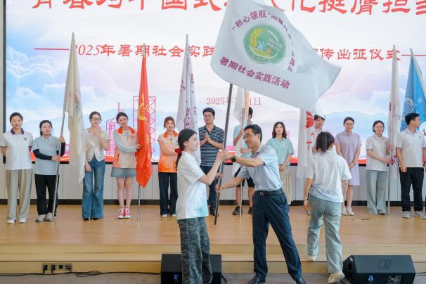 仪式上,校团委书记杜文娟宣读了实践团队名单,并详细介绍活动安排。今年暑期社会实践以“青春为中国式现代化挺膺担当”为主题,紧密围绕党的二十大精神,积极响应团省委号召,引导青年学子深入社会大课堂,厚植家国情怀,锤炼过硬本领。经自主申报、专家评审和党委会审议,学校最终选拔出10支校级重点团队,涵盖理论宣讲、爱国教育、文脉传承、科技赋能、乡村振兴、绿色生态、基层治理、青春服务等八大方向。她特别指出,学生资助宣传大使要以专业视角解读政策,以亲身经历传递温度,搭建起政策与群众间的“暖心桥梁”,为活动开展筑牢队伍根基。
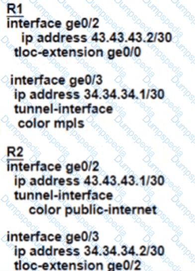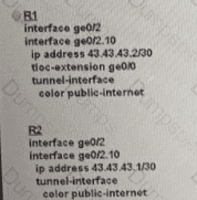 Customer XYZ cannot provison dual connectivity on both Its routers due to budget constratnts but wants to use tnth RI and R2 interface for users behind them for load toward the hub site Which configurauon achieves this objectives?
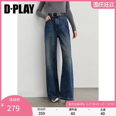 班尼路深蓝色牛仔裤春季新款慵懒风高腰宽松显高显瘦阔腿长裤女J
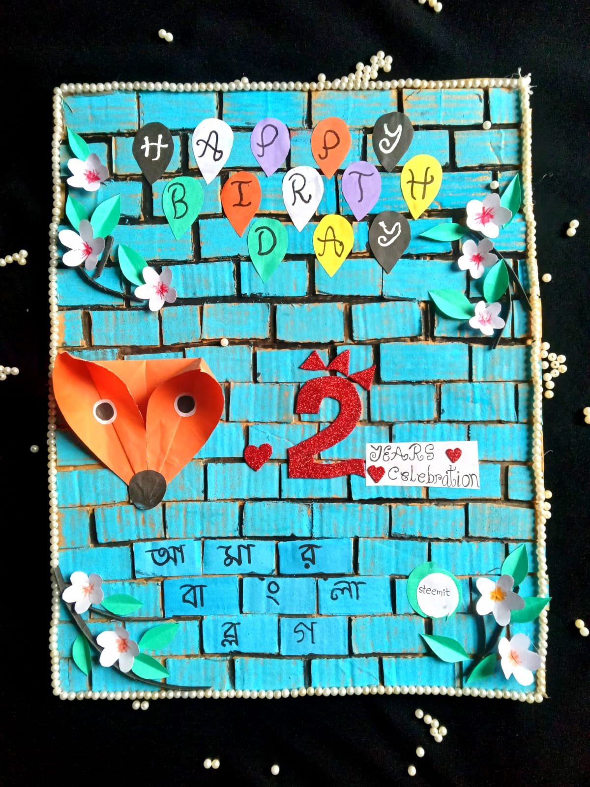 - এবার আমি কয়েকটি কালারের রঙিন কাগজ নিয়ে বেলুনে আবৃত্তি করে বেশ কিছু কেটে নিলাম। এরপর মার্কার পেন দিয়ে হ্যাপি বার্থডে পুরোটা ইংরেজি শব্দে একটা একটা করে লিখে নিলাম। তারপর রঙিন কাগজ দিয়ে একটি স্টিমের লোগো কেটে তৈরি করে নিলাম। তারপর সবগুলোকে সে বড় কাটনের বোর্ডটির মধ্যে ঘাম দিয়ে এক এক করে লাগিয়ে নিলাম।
____________
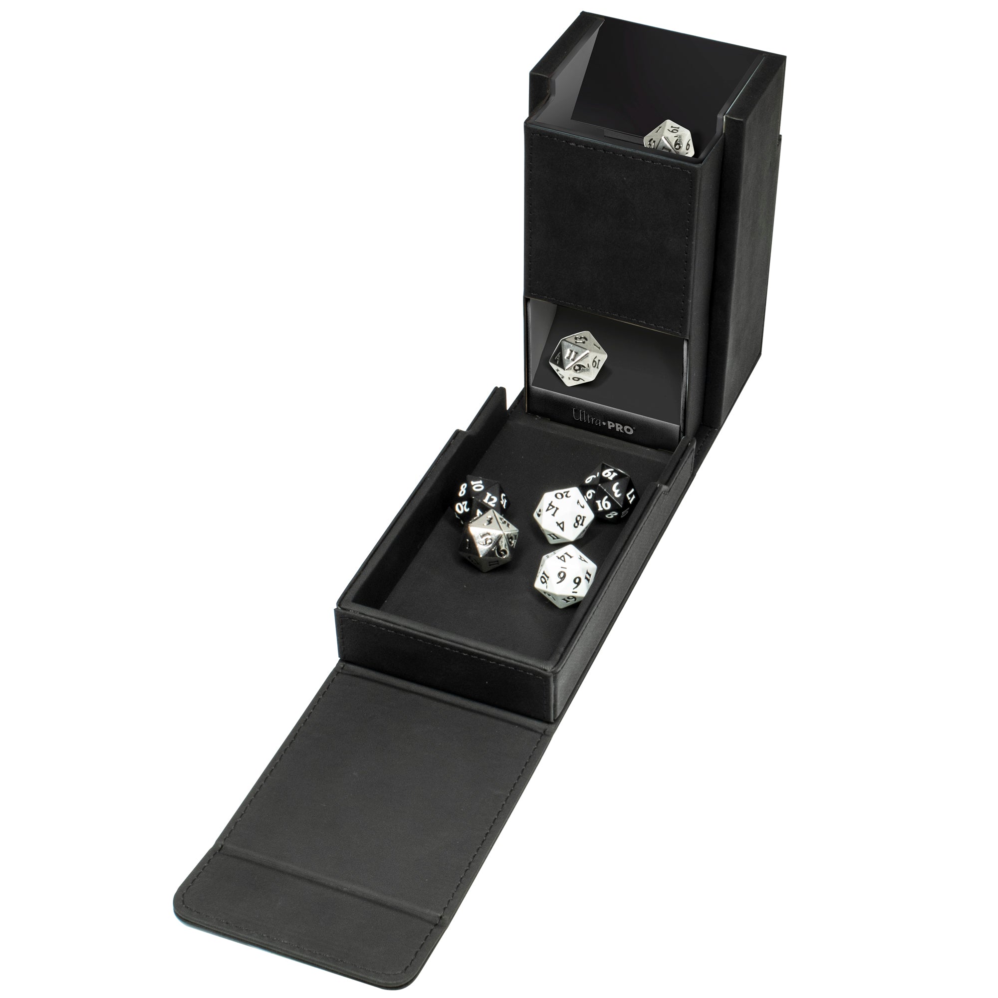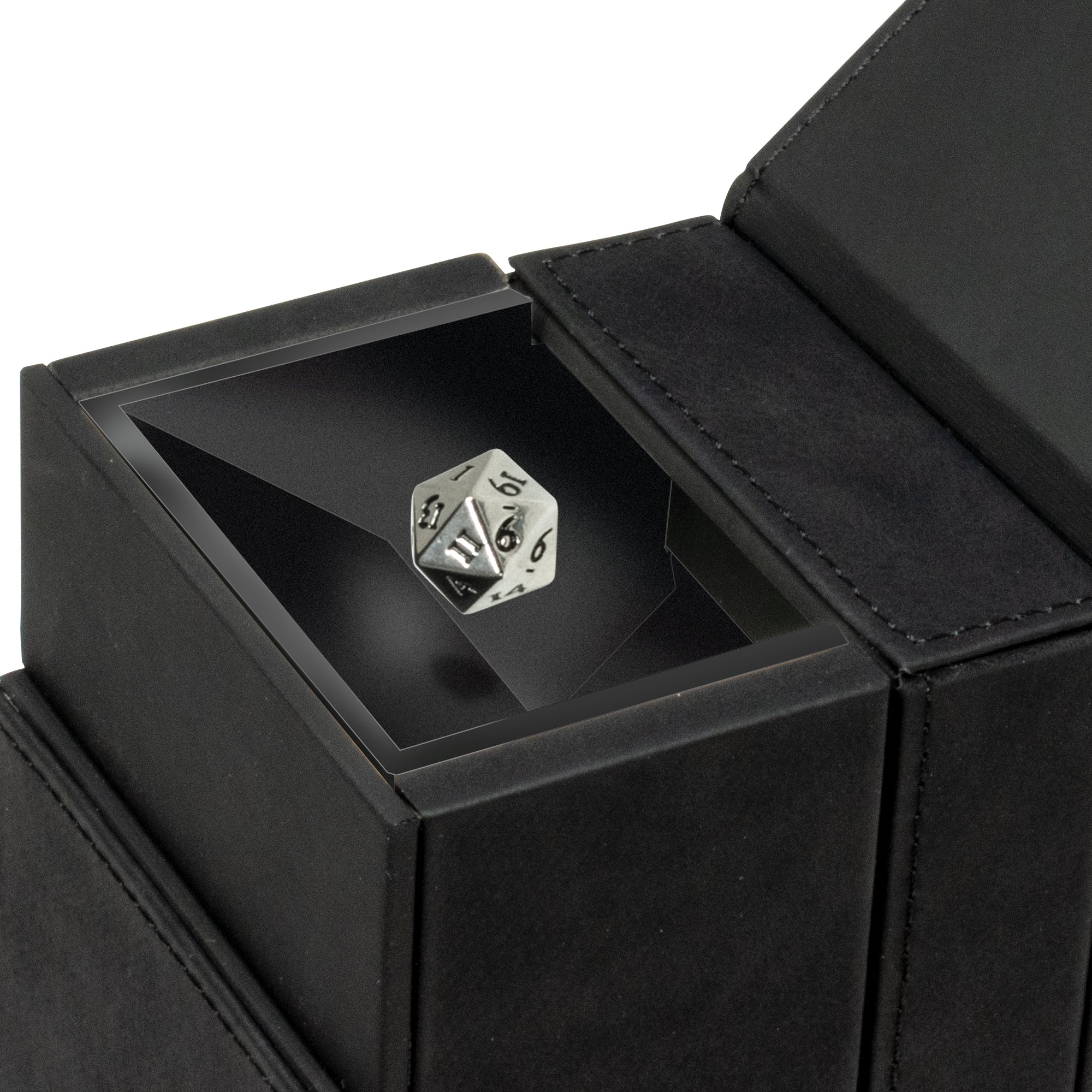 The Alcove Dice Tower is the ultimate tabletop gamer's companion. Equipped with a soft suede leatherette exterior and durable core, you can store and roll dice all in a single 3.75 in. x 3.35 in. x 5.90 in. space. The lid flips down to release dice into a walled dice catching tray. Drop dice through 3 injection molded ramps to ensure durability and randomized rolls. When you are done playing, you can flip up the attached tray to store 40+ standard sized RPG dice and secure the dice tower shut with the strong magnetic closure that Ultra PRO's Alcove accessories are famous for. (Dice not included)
____________
## Brief
Take the material above and output only the lines from the one that contains "仪式上,校团委书记杜文娟宣读" through the one that contains "- এবার আমি কয়েকটি", ends included and images left out.

## Solution to this problem
 仪式上,校团委书记杜文娟宣读了实践团队名单,并详细介绍活动安排。今年暑期社会实践以“青春为中国式现代化挺膺担当”为主题,紧密围绕党的二十大精神,积极响应团省委号召,引导青年学子深入社会大课堂,厚植家国情怀,锤炼过硬本领。经自主申报、专家评审和党委会审议,学校最终选拔出10支校级重点团队,涵盖理论宣讲、爱国教育、文脉传承、科技赋能、乡村振兴、绿色生态、基层治理、青春服务等八大方向。她特别指出,学生资助宣传大使要以专业视角解读政策,以亲身经历传递温度,搭建起政策与群众间的“暖心桥梁”,为活动开展筑牢队伍根基。
 Customer XYZ cannot provison dual connectivity on both Its routers due to budget constratnts but wants to use tnth RI and R2 interface for users behind them for load toward the hub site Which configurauon achieves this objectives?
 班尼路深蓝色牛仔裤春季新款慵懒风高腰宽松显高显瘦阔腿长裤女J
 - এবার আমি কয়েকটি কালারের রঙিন কাগজ নিয়ে বেলুনে আবৃত্তি করে বেশ কিছু কেটে নিলাম। এরপর মার্কার পেন দিয়ে হ্যাপি বার্থডে পুরোটা ইংরেজি শব্দে একটা একটা করে লিখে নিলাম। তারপর রঙিন কাগজ দিয়ে একটি স্টিমের লোগো কেটে তৈরি করে নিলাম। তারপর সবগুলোকে সে বড় কাটনের বোর্ডটির মধ্যে ঘাম দিয়ে এক এক করে লাগিয়ে নিলাম।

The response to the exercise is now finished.